_WHAT IS BEING ASKED_
Omit every image, and transcribe the remaining entries exactly as given.
Segment Start: DATA LISTING
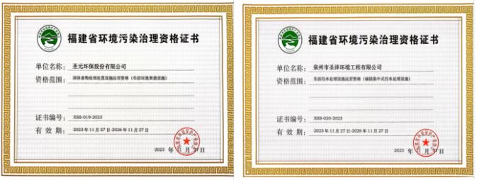 经审核,betway88西汉姆联股份有限公司和泉州市圣泽环境工程有限公司的申报材料符合要求,运营管理规范,同意颁发《福建省环境污染治理设施运营资格证书》。
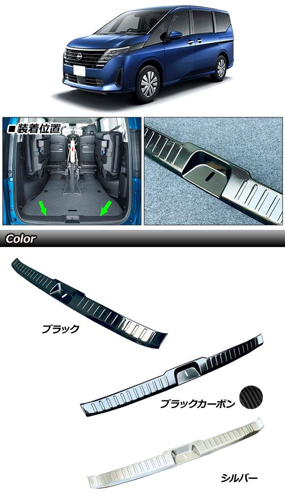 ラゲッジステップガード 日産 セレナ C28系 e-POWER可 2022年12月〜 シルバー ステンレス製 ヘアライン仕上げ AP-SG337-SI
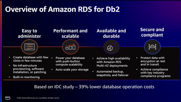米AWSと米IDCがAmazon RDSユーザーを対象に実施した調査によると、マネージドデータベースのAmazon RDSに移行することで、データベース管理者1人あたり約60%多いデータベースを管理できるようになり、データベース運用コストが3年間で39%減る見込みだという。
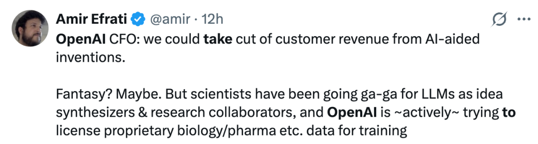 这意味着,OpenAI 可能正在考虑从「卖工具」转向「分利润」的商业模式。OpenAI 似乎不满足于只收「软件使用费」,而是想在客户发财时「抽成」。
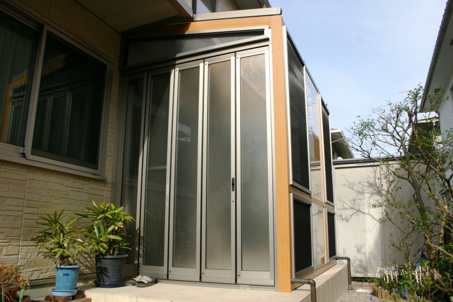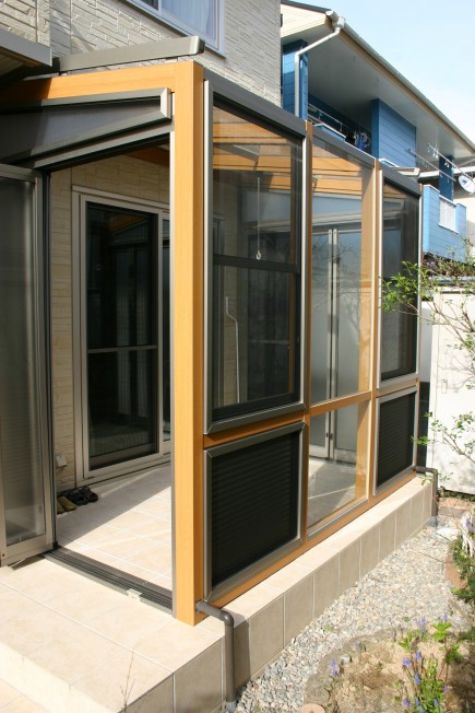 施工実績 お友達と楽しくおしゃべり|ココマガーデンルーム たつの市S様邸 お友達とお茶しながら過ごす空間をご希望されていましたS様 ココマのガーデンルームで素敵なガーデンライフを満喫して頂けます タイルテラスにはアイアンのテーブルやイスも良く似合いそうです before 平面・イメージパース ココマの前面部分は庭木が良く見える様にと透明ガラス仕様になっています 上げ下げ窓の下には可動ルーバーを付けることでより風通しも良くなります すっきりとしたタイルテラスが外内の空間を一体にしてくれます 側面パネルは目隠し効果のあるすりガラス調のものを使用しています
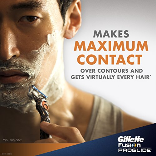 Gillette fusion proglide razor with flexball technology, the men's razor that responds to contours for gillette's best shave. Gillette's best razor blades are 2x preferred when used with the fusion proglide razor with flexball handle technology. Gillette fusion proglide razor blades feature a precision beard trimmer for accurate edging. Reengineered low cutting force razor blades feature thinner, finer blades with advanced low-resistance coating to cut effortlessly through hair with less tug and pull than fusion. A blade stabilizer maintains optimal razor blade spacing for comfort, while allowing the razor blades to respond to the contours of a man's face. Plus, the streamlined comfort guard channels excess shaving cream to produce optimal blade contact, stretching the skin for a close, comfortable shave. And the razor's enhanced lubrastrip is infused with mineral oil and lubricating polymers that allow the gillette fusion proglide razor blade to move smoothly over skin, even on repeat strokes.
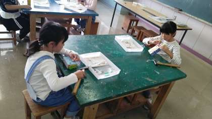 3年生の6時間目は、図画工作科の学習でした。くぎうちトントンの作品がそろそろ仕上がってきました。
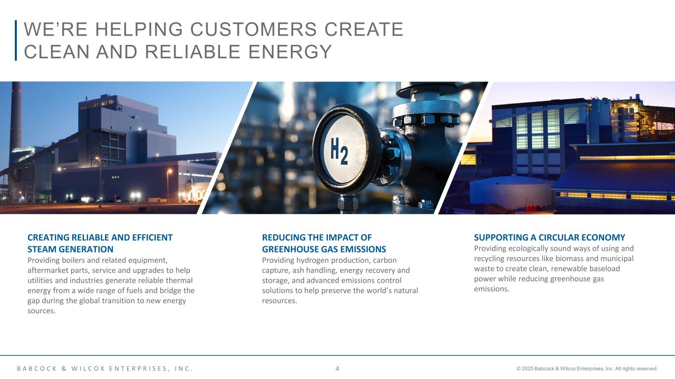 B A B C O C K & W I L C O X E N T E R P R I S E S , I N C . © 2025 Babcock & Wilcox Enterprises, Inc. All rights reserved.3 Providing high quality and innovative technologies since 1867  From our first patent for a more efficient boiler to more than 17,000 patents since, we continue to drive innovation and change​  Today, we are a globally recognized technology leader and innovator at the forefront of the energy transition​​ WE’RE A GLOBAL ENERGY LEADER CREATING A BRIGHTER FUTURE Ensuring energy security for customers and the world​  Helping utility and industrial customers with the technical challenges of moving from current to future energy sources​  Delivering systems, parts and field services to help utility and industrial plants operate more effectively and efficiently Helping to make net-zero ambitions a reality today​  Our hydrogen production, carbon capture, waste- and biomass-to-energy, and environmental technologies support the reduction of greenhouse gases, including CO2 and methane, in an environmentally friendly way
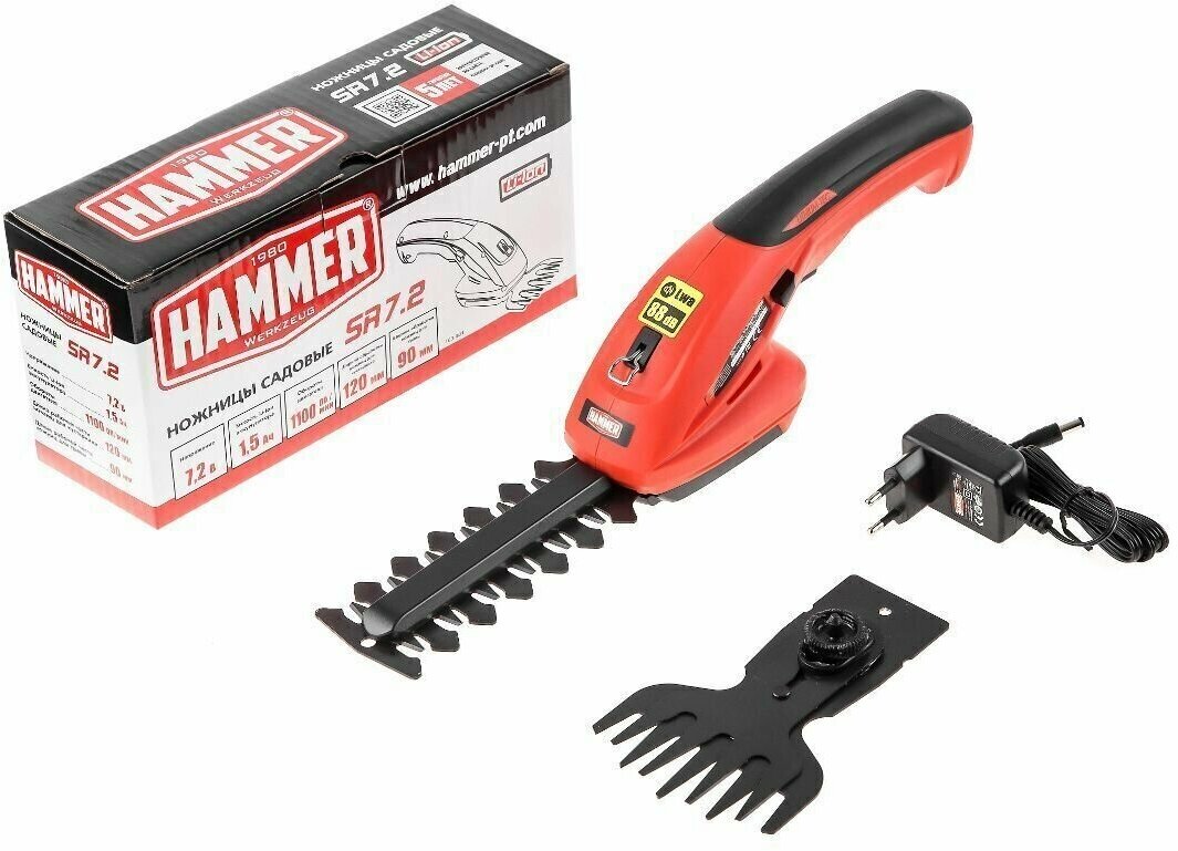 Аккум. ножницы Hammer SR7.2 7.2ВLi-Ion нож для веток 120/8мм, нож для травы 90мм 103-001
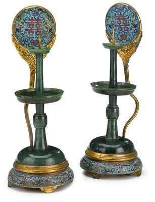 Pair of Chinese gilt metal closionne and green jade prickets qianlong mark
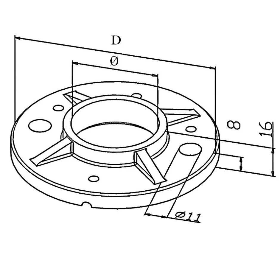 Platine de montage au sol à souder pour tube inox diamètre 42,4 mm. Permet l’installation de poteau de garde-corps à la française pour escalier, terrasse et mezzanine.
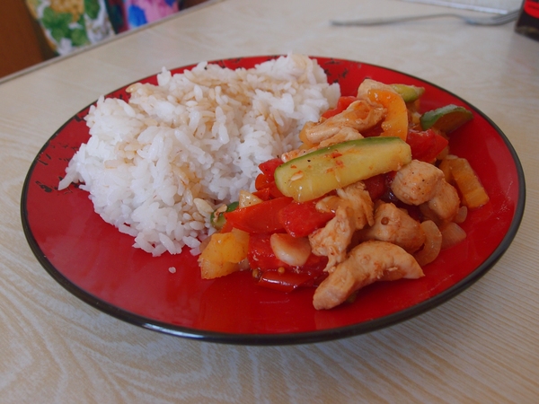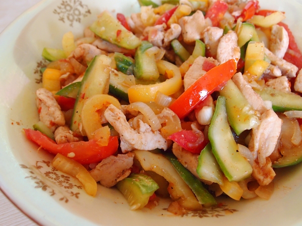Огурцы помыть, если сильно твердая кожица, почистить и нарезать небольшими брусочками. Посолить и оставить на 40 минут. Пока огурцы просаливаются, мясо нарезать небольшими брусочками и обжарить на растительном масле до белого цвета. Затем добавить нашинкованный лук, измельченные 3 дольки чеснока и 2-3 минуты протушить. Затем добавить болгарский перец и помидоры, нарезанные небольшими ломтиками. Добавить 4 ст.л. соевого соуса, перемешать и еще потушить минут 5. Мясо должно быть готовым, а овощи немного хрустеть.
Segment End: DATA LISTING
_EXERCISE SOLUTION_
 经审核,betway88西汉姆联股份有限公司和泉州市圣泽环境工程有限公司的申报材料符合要求,运营管理规范,同意颁发《福建省环境污染治理设施运营资格证书》。
 ラゲッジステップガード 日産 セレナ C28系 e-POWER可 2022年12月〜 シルバー ステンレス製 ヘアライン仕上げ AP-SG337-SI
米AWSと米IDCがAmazon RDSユーザーを対象に実施した調査によると、マネージドデータベースのAmazon RDSに移行することで、データベース管理者1人あたり約60%多いデータベースを管理できるようになり、データベース運用コストが3年間で39%減る見込みだという。
 这意味着,OpenAI 可能正在考虑从「卖工具」转向「分利润」的商业模式。OpenAI 似乎不满足于只收「软件使用费」,而是想在客户发财时「抽成」。
 施工実績 お友達と楽しくおしゃべり|ココマガーデンルーム たつの市S様邸 お友達とお茶しながら過ごす空間をご希望されていましたS様 ココマのガーデンルームで素敵なガーデンライフを満喫して頂けます タイルテラスにはアイアンのテーブルやイスも良く似合いそうです before 平面・イメージパース ココマの前面部分は庭木が良く見える様にと透明ガラス仕様になっています 上げ下げ窓の下には可動ルーバーを付けることでより風通しも良くなります すっきりとしたタイルテラスが外内の空間を一体にしてくれます 側面パネルは目隠し効果のあるすりガラス調のものを使用しています
 Gillette fusion proglide razor with flexball technology, the men's razor that responds to contours for gillette's best shave. Gillette's best razor blades are 2x preferred when used with the fusion proglide razor with flexball handle technology. Gillette fusion proglide razor blades feature a precision beard trimmer for accurate edging. Reengineered low cutting force razor blades feature thinner, finer blades with advanced low-resistance coating to cut effortlessly through hair with less tug and pull than fusion. A blade stabilizer maintains optimal razor blade spacing for comfort, while allowing the razor blades to respond to the contours of a man's face. Plus, the streamlined comfort guard channels excess shaving cream to produce optimal blade contact, stretching the skin for a close, comfortable shave. And the razor's enhanced lubrastrip is infused with mineral oil and lubricating polymers that allow the gillette fusion proglide razor blade to move smoothly over skin, even on repeat strokes.
 3年生の6時間目は、図画工作科の学習でした。くぎうちトントンの作品がそろそろ仕上がってきました。
 B A B C O C K & W I L C O X E N T E R P R I S E S , I N C . © 2025 Babcock & Wilcox Enterprises, Inc. All rights reserved.3 Providing high quality and innovative technologies since 1867  From our first patent for a more efficient boiler to more than 17,000 patents since, we continue to drive innovation and change​  Today, we are a globally recognized technology leader and innovator at the forefront of the energy transition​​ WE’RE A GLOBAL ENERGY LEADER CREATING A BRIGHTER FUTURE Ensuring energy security for customers and the world​  Helping utility and industrial customers with the technical challenges of moving from current to future energy sources​  Delivering systems, parts and field services to help utility and industrial plants operate more effectively and efficiently Helping to make net-zero ambitions a reality today​  Our hydrogen production, carbon capture, waste- and biomass-to-energy, and environmental technologies support the reduction of greenhouse gases, including CO2 and methane, in an environmentally friendly way
 Аккум. ножницы Hammer SR7.2 7.2ВLi-Ion нож для веток 120/8мм, нож для травы 90мм 103-001
 Pair of Chinese gilt metal closionne and green jade prickets qianlong mark
 Platine de montage au sol à souder pour tube inox diamètre 42,4 mm. Permet l’installation de poteau de garde-corps à la française pour escalier, terrasse et mezzanine.
Огурцы помыть, если сильно твердая кожица, почистить и нарезать небольшими брусочками. Посолить и оставить на 40 минут. Пока огурцы просаливаются, мясо нарезать небольшими брусочками и обжарить на растительном масле до белого цвета. Затем добавить нашинкованный лук, измельченные 3 дольки чеснока и 2-3 минуты протушить. Затем добавить болгарский перец и помидоры, нарезанные небольшими ломтиками. Добавить 4 ст.л. соевого соуса, перемешать и еще потушить минут 5. Мясо должно быть готовым, а овощи немного хрустеть.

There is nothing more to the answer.